About

I am a postdoctoral researcher at the University of Manchester. My research interests are in probability theory often motivated by applications in mathematical physics. Previously I was a postdoc at Sussex and a PhD student at Warwick supervised by Jon Warren. A few of the topics I am interested in are shown below. My email address is william.lastname@manchester.ac.uk.

Random growth

How does a bacterial colony grow in a petri-dish? Why does this share the same behaviour as the spread of a flame across a piece of paper or the transport of spin in quantum magnets? In spite of being governed by different microscopic laws these systems all form part of the same universality class named Kardar-Parisi-Zhang (KPZ). My work in this area includes:

Ballistic Deposition

Interacting particle systems

Many natural phenomena involve large systems of particles that move around and interact with each other. These interactions could be repelling nearby particles, chemically reacting or adopting the spin/state of a neighbouring particle. How do these local interactions translate into the global behaviour of a system of particles? My research on interacting particle systems includes the q-state Potts model, coalescing/annihilating particle systems, last passage percolation, tandem queueing networks and PushASEP.

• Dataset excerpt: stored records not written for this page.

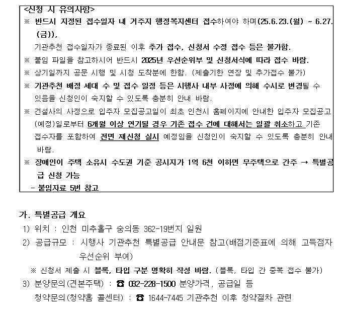 (민간분양)장애인특별공급 기관추천 대상자 명단 접수안내(힐스테이트 숭의역)
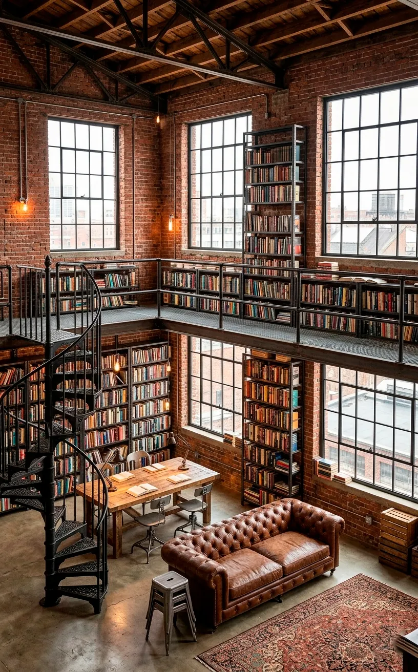 Exposed brick and black steel create a vibe that screams cool intellectual. I think this look works perfectly in converted spaces or modern builds. Do you appreciate a bit of grit in your decor? The open metal grating on the upper walkway adds a rugged texture that I adore. I personally prefer pairing this with oversized leather sofas to soften the industrial edge. It makes the whole room feel like a high-end bookstore in SoHo.
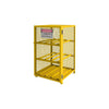 Self Closing, Gas cylinder cabinet, single door, angle iron and expanded metal, for horizontal storage of 20 and 33 lb. LPG cylinders, 16 cylinder capacity, safety yellow
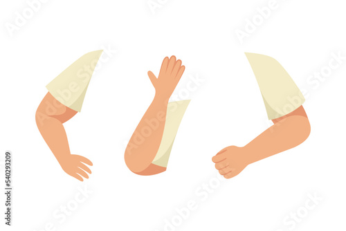 Injured human arms. Bandaged elbows and forearms, damaged arm parts, emergency treatment for bones fractures and sprains flat vector illustration set. Physical injury bandages
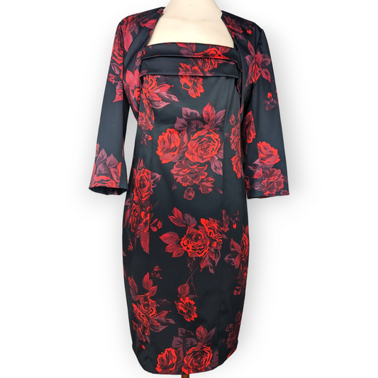 Michaela Louisa Rose Print Red Black Blazer Jacket & Dress Outift Women Medium
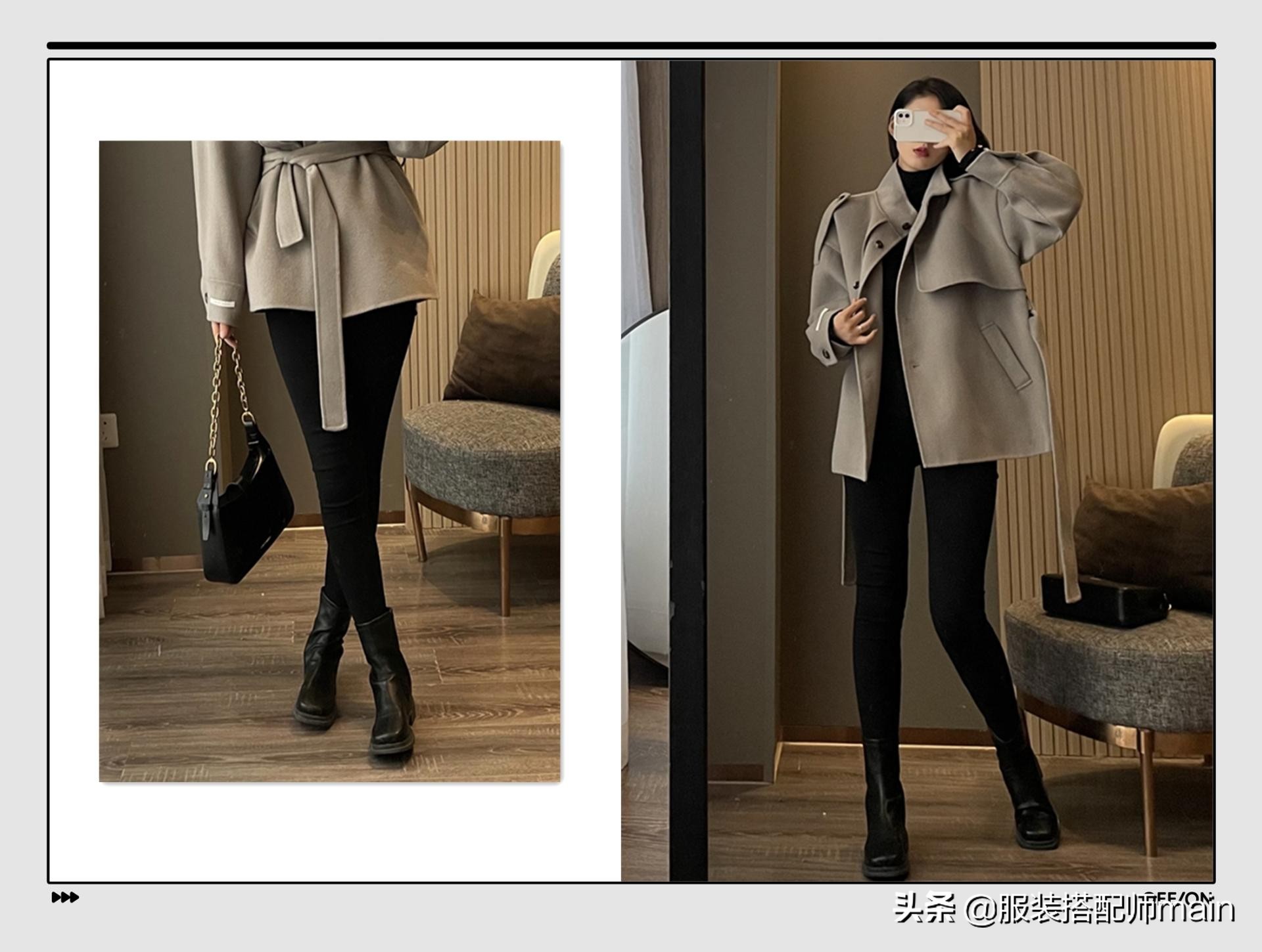 把短大衣的腰帶一系,身材比例瞬間被優化好,看到示范是不是很羨慕!
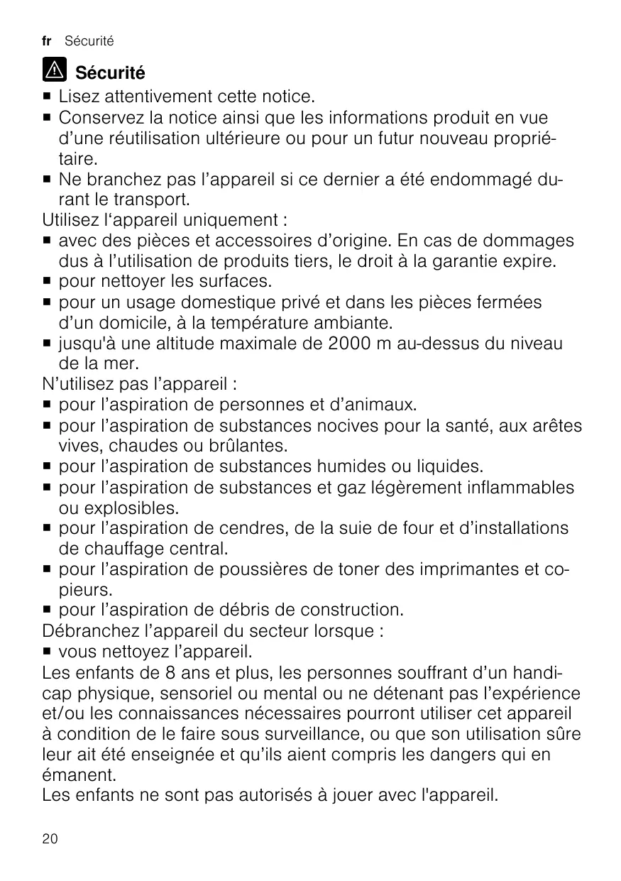 ¡ Lisez attentivement cette notice. ¡ Conservez la notice ainsi que les informations produit en vue d’une réutilisation ultérieure ou pour un futur nouveau propriétaire. ¡ Ne branchez pas l’appareil si ce dernier a été endommagé durant le transport. Utilisez l‘appareil uniquement : ¡ avec des pièces et accessoires d’origine. En cas de dommages dus à l’utilisation de produits tiers, le droit à la garantie expire. ¡ pour nettoyer les surfaces. ¡ pour un usage domestique privé et dans les pièces fermées d’un domicile, à la température ambiante. ¡ jusqu'à une altitude maximale de 2000 m au-dessus du niveau de la mer. N’utilisez pas l’appareil : ¡ pour l’aspiration de personnes et d’animaux. ¡ pour l’aspiration de substances nocives pour la santé, aux arêtes vives, chaudes ou brûlantes. ¡ pour l’aspiration de substances humides ou liquides. ¡ pour l’aspiration de substances et gaz légèrement inflammables ou explosibles. ¡ pour l’aspiration de cendres, de la suie de four et d’installations de chauffage central. ¡ pour l’aspiration de poussières de toner des imprimantes et copieurs. ¡ pour l’aspiration de débris de construction. Débranchez l’appareil du secteur lorsque : ¡ vous nettoyez l’appareil. Les enfants de 8 ans et plus, les personnes souffrant d’un handicap physique, sensoriel ou mental ou ne détenant pas l’expérience et/ou les connaissances nécessaires pourront utiliser cet appareil à condition de le faire sous surveillance, ou que son utilisation sûre leur ait été enseignée et qu’ils aient compris les dangers qui en émanent. Les enfants ne sont pas autorisés à jouer avec l'appareil. 20

The q-state Potts model evolving under Glauber dynamics

Random matrices

Around 1950, Eugene Wigner observed that the energy levels of large quantum systems depend only on their symmetry type and can be modelled by the eigenvalues of large random matrices. Since then random matrices have found many varied applications ranging from wireless communications to the selection of financial portfolios. My work in this area has focused on the real eigenvalues of non-Hermitian random matrices.